• [EXERCISE OBJECTIVE] Although the material holds pictures, none belong in the copy; transcribe exactly, and only, the lines from the one with "지난 7일 이노션은 스포츠안전재단과" through the end.

• [INFORMATION SUPPLIED]
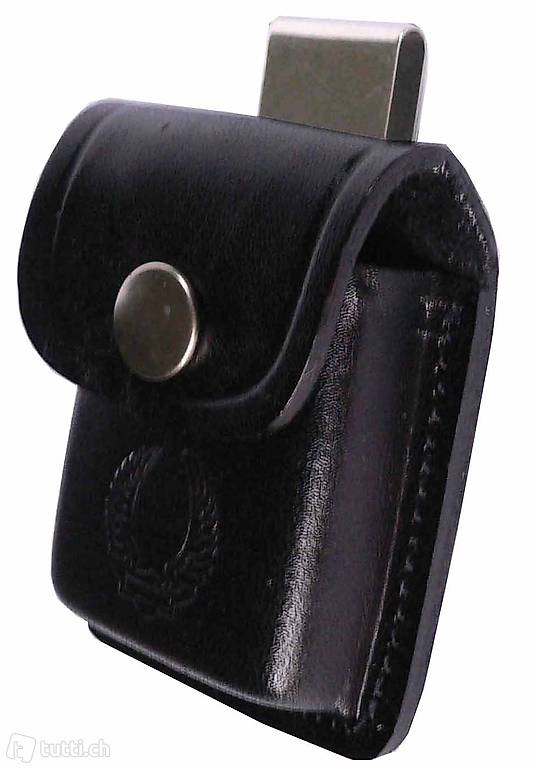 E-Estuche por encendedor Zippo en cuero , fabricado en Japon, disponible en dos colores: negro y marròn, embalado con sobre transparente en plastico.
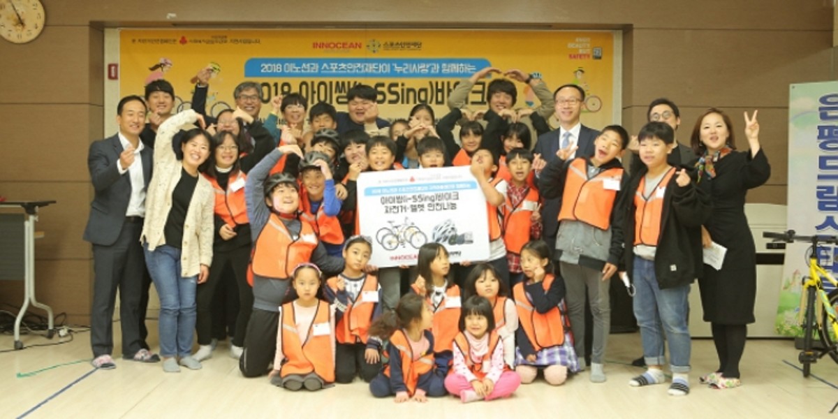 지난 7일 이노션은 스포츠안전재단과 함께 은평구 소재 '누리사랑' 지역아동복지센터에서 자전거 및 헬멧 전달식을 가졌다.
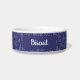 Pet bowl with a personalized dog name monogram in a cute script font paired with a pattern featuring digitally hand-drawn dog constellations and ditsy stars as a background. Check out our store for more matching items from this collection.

• [RESPONSE TO THE EXERCISE]
 지난 7일 이노션은 스포츠안전재단과 함께 은평구 소재 '누리사랑' 지역아동복지센터에서 자전거 및 헬멧 전달식을 가졌다.
 Pet bowl with a personalized dog name monogram in a cute script font paired with a pattern featuring digitally hand-drawn dog constellations and ditsy stars as a background. Check out our store for more matching items from this collection.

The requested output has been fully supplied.